■ Problem requirements
Find each line below that includes "Queen", then copy it.

===== Material provided

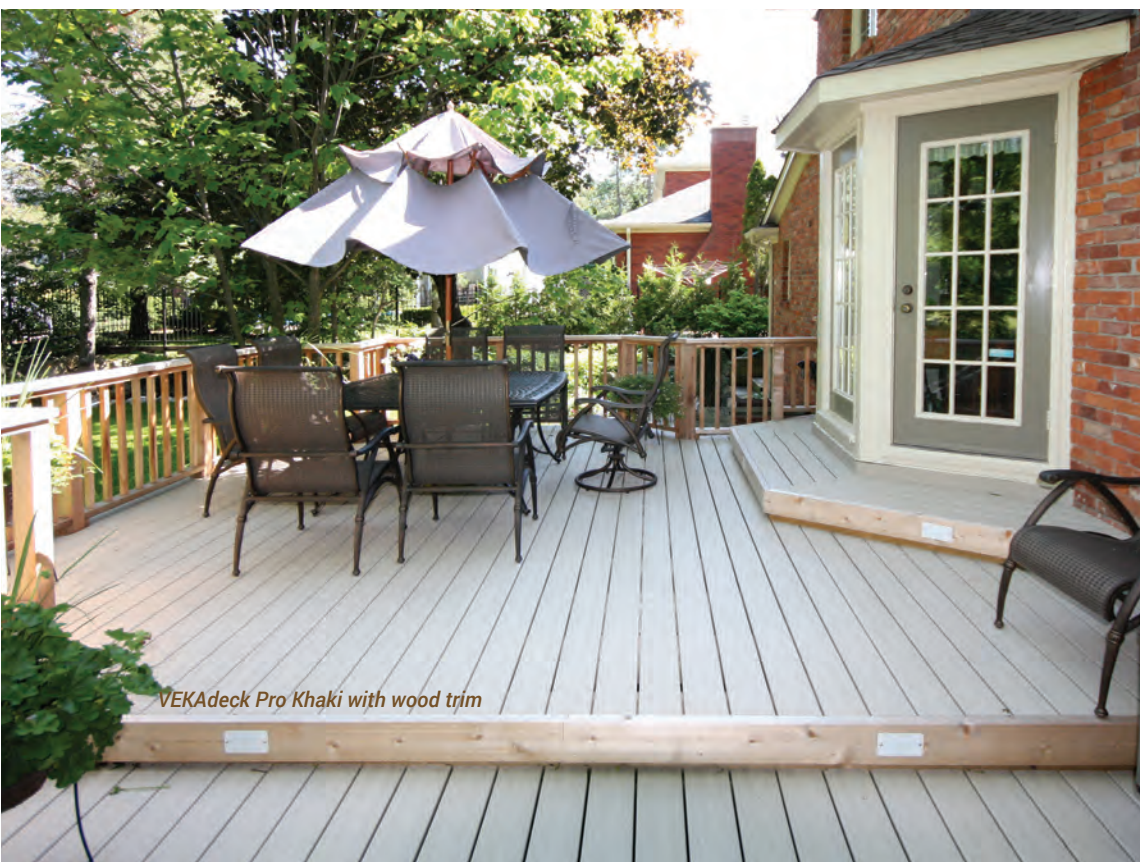
VEKAdeck Pro Khaki with wood trim
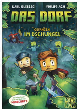
The Villagers - Trapped in the Jungle (Vol. 3)
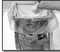
Performing the Test
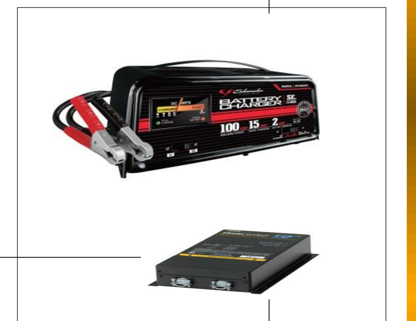
Battery & Battery charger
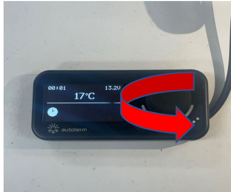
1) Turn Main Knob to bring screen to life
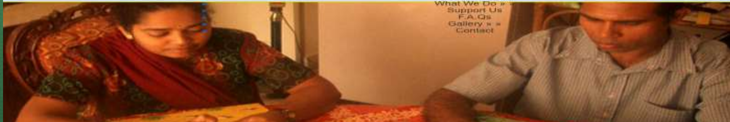
Handmade Photo Frames

Home » Who We Are » What We Do » Support Us » FAQs » Gallery » Contact »
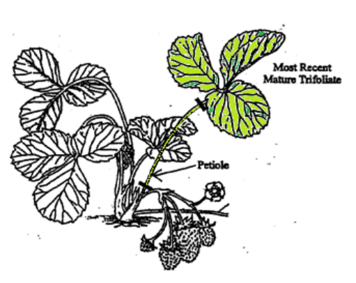
Figure 1. The proper plant parts, petiole and most recently mature trifoliate, should be sampled for
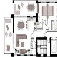
FLAT 204 | 2 BEDROOMS SIMPLEX
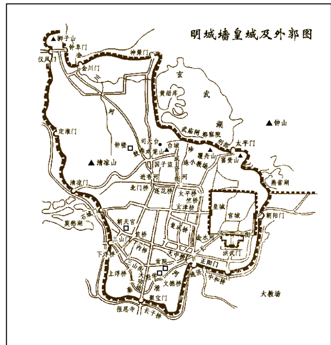
Fig.1 The layout of city wall around the capital

CHEN Rong. College of Landscape Architecture, Nanjing Forestry University. Lecturer, PHD. Engaged in teaching and researching of landscape planning, landscape architecture design. 159 Longpan Road, 210037, Nanjing (phone: 0086-159-5177-5666; fax:0086-25-8548-3026; e-mail: cr-nj@126.com)
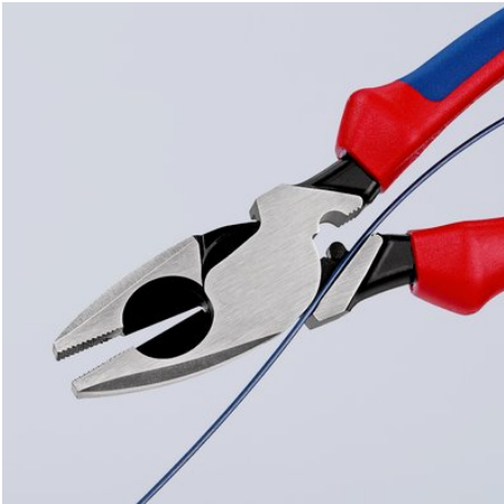
09 11/12 240: fish tape puller in the joint gap
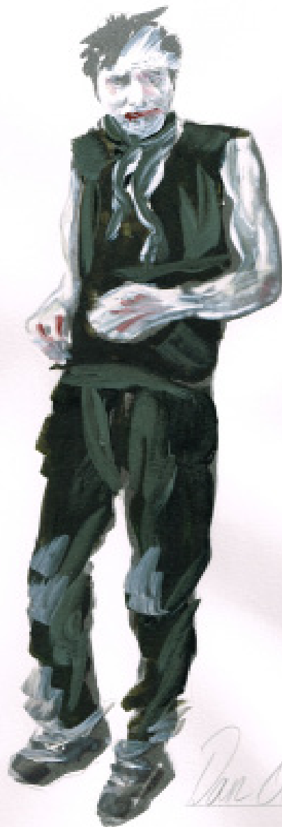
Costume design for Dan Oldfield in The Secret River . (Costume Sketch: Tess Schofield. ©)
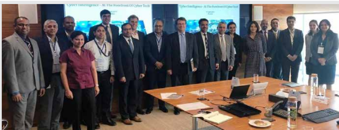
Participants at the interactive roundtable
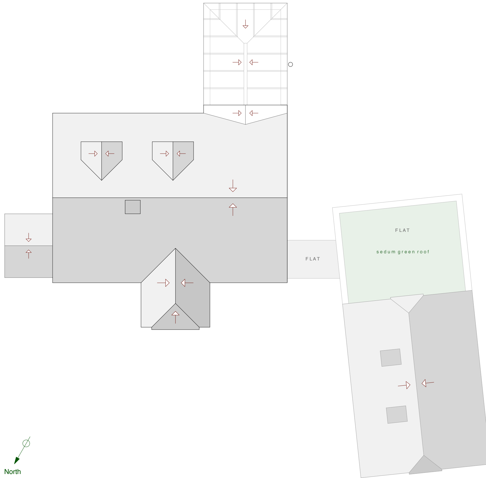
Proposed Roof Plan at 1:100 scale

DRAWINGS & SCALE BAR ARE FOR PLANNING PURPOSES ONLY. THESE ARE NOT SURVEY DRAWINGS
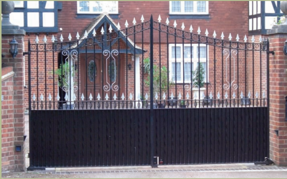
Gates with privacy panel, dog bars with below ground operators and gold painted infills. Harling 'Albert' design
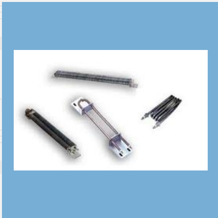
Tubular Air Heaters

We are engaged in manufacturing and supplying a comprehensive range of Furnace Heating Elements, D-Shape Heaters, Finned Air Heaters, Tubular Air Heaters, Heating Elements, etc. These products are widely appreciated in the Industry for durability, high performance and easy installation features.
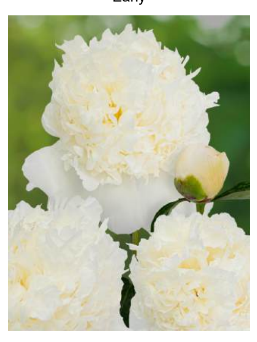
Princess Bride (1988) Early
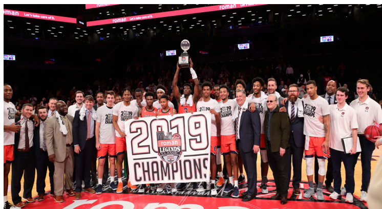
2019 ROMAN LEGENDS CLASSIC presented by OLD TRAPPER CHAMPIONS - AUBURN TIGERS
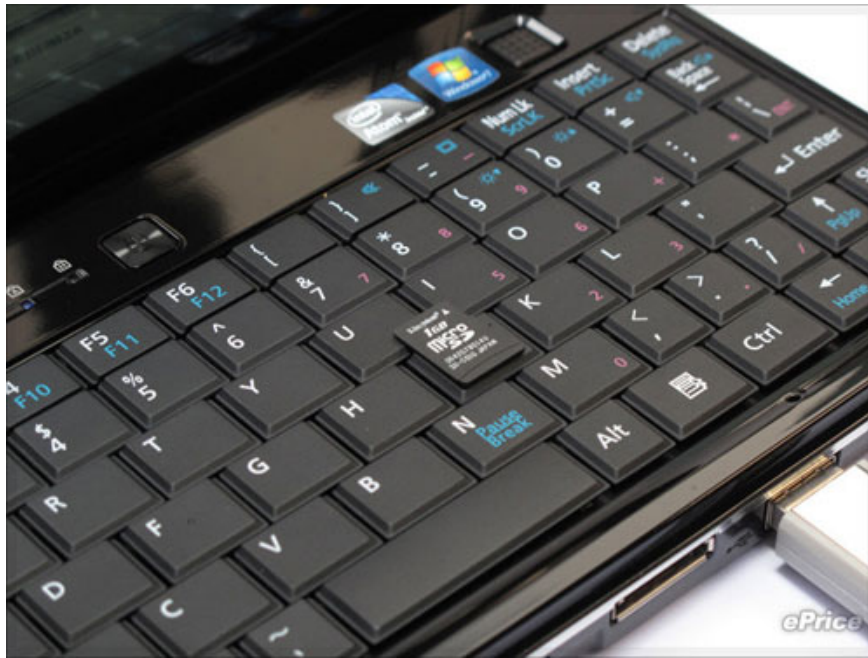
Full keyboard with miniature keys.
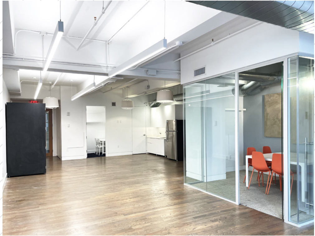
Suite 1204 - Existing Conditions
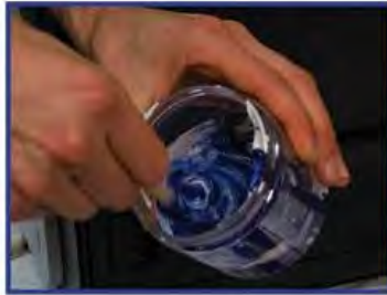
2. Mix thoroughly
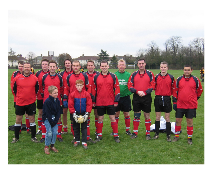
Merton FC 4s: an athletic bunch
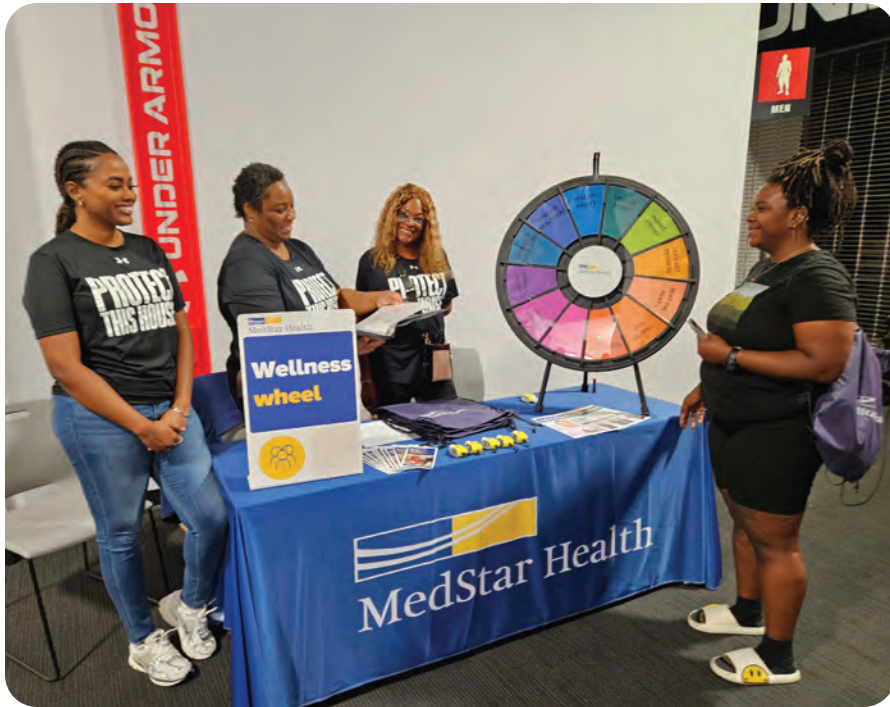
▲ MedStar Health partnered with Under Armour to provide nearly 700 free sports physicals for students. There were sports bra fittings, and back-to-school resources for student athletes, as well. Our Community Health team provided free blood pressure screenings, a wellness wheel, education about healthy foods and beverages, Hands-Only CPR, 988 information, and more. The event was made possible through Project Rampart, an ongoing six-year partnership designed to elevate the high school student athlete experience and improve academic performance through the power of sports.

Below are some of our recent outreach events.
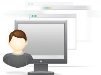
Dynamic desktop assembly
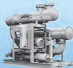
High Capacity Dryers
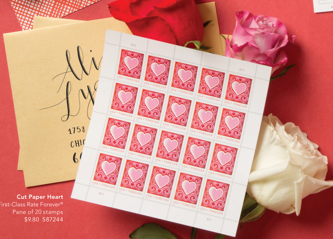
Cut Paper Heart First-Class Rate Forever® Pane of 20 stamps $9.80 587244
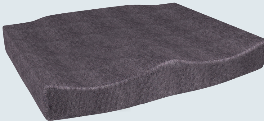
Curera® Consil Seat Cushion with Standard Cover
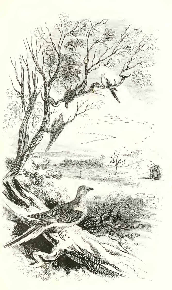
CATCHING PIGEONS. Vol. 1, p. 100
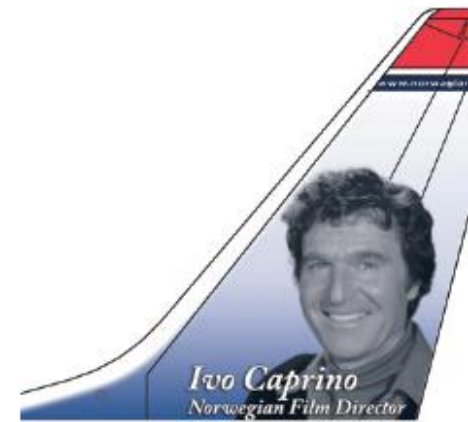
Ivo Caprino Norwegian film director
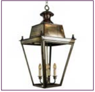
(425AAH) - Page 31
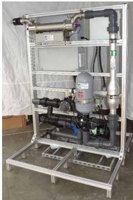
Figure 2 – Industrial Water Innovation's Cooling Tower Skid, 4x4 ft.

addition of UV will not eliminate biofilm, the use of UV systems will keep a cooling tower free of pathogens and prevent the buildup of biofilm. ASHRAE recognizes UV as a treatment method for the control of legionella.
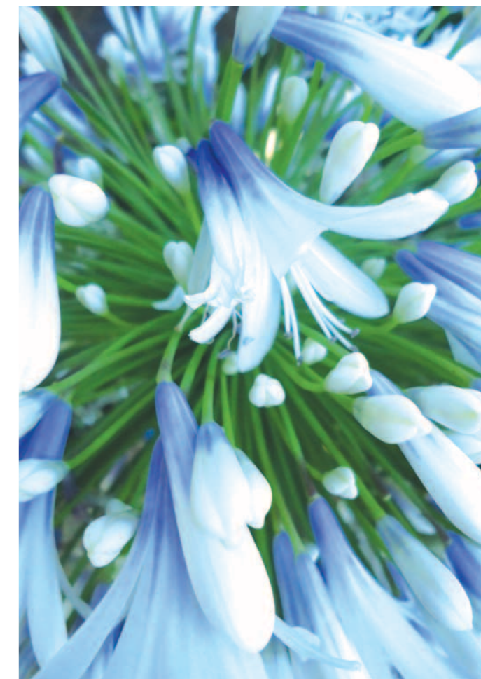
Queen Mum Agapanthus.

little fingers come along and flick the flower buds which easily snap off and you are left with a clump of green stalks. I do encourage curiosity in children, but sometimes the old saying look with your eyes and not your fingers is warranted. Agapanthus are right at home in cottage or formal gardens. They make excellent border plants or textural additions to the garden. Agapanthus are available in dwarf form and with recent hybridising there are many new varieties to choose from. Agapanthus are traditionally blue or white, but are now available in rich purples and two-toned colours. Some even have dark stems. Look out for new and recent releases such as Queen Mum, Black Pantha, Back in Black, Snowball, Purple Cloud, Margaret, Tinkerbell and Amethyst. Agapanthus can be raised by seed, however, it is important to remove spent flowers as they can become a weed problem particularly around waterways. As this is my last article before Christmas, I would like to thank and wish all our readers and customers a very safe and joyous Christmas.
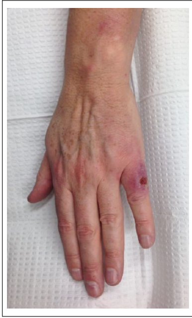
Figure 1. Overlying the patient's left fifth digit, an erythematous, ulcerated plaque is noted.
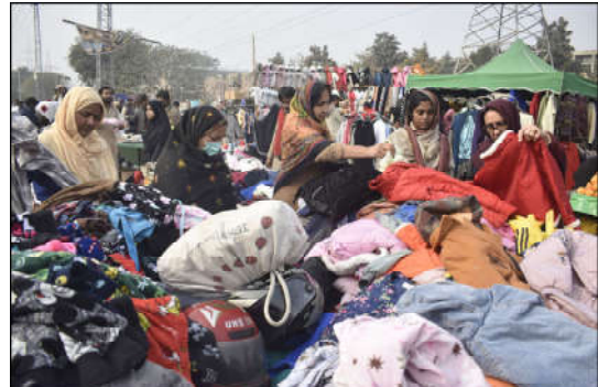
LAHORE: People are buying used stuff from flea market along the Jail road in Provincial Capital.

desire to foster amicable relations with all nations. Addressing the distress faced by the people of Occupied Jammu and Kashmir under the Indian government, Haris Nawaz urged the international community to alleviate their plight, emphasizing the imperative of resolving the Kashmir issue per United Nations resolutions. The meeting primarily delved into discussions concerning cooperation, bilateral trade, and various shared interests. Additionally, topics encompassed the expulsion of illegally residing foreigners.
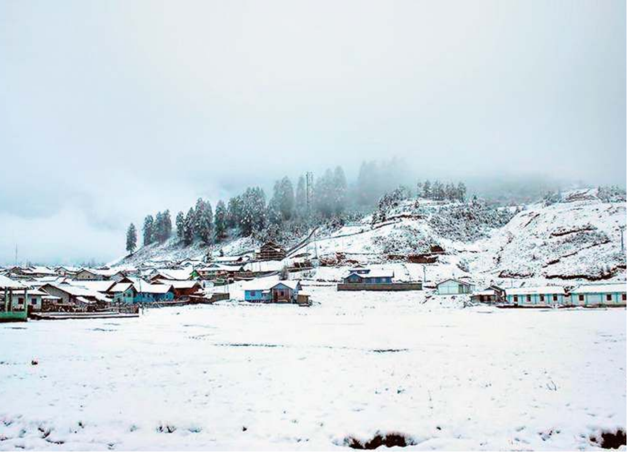
A view of snow-covered Mechuka following heavy snowfall in Shi-Yomi district of Arunachal Pradesh on Sunday.
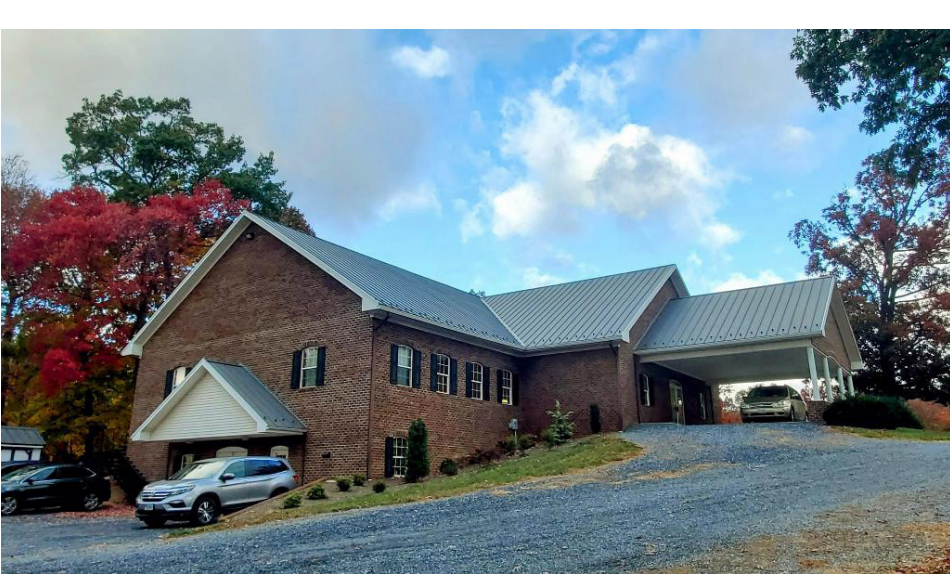
Peake Mennonite Church, Rockingham County, Virginia, 2023.

==========

■ Written solution
Queen Mum Agapanthus.
little fingers come along and flick the flower buds which easily snap off and you are left with a clump of green stalks. I do encourage curiosity in children, but sometimes the old saying look with your eyes and not your fingers is warranted. Agapanthus are right at home in cottage or formal gardens. They make excellent border plants or textural additions to the garden. Agapanthus are available in dwarf form and with recent hybridising there are many new varieties to choose from. Agapanthus are traditionally blue or white, but are now available in rich purples and two-toned colours. Some even have dark stems. Look out for new and recent releases such as Queen Mum, Black Pantha, Back in Black, Snowball, Purple Cloud, Margaret, Tinkerbell and Amethyst. Agapanthus can be raised by seed, however, it is important to remove spent flowers as they can become a weed problem particularly around waterways. As this is my last article before Christmas, I would like to thank and wish all our readers and customers a very safe and joyous Christmas.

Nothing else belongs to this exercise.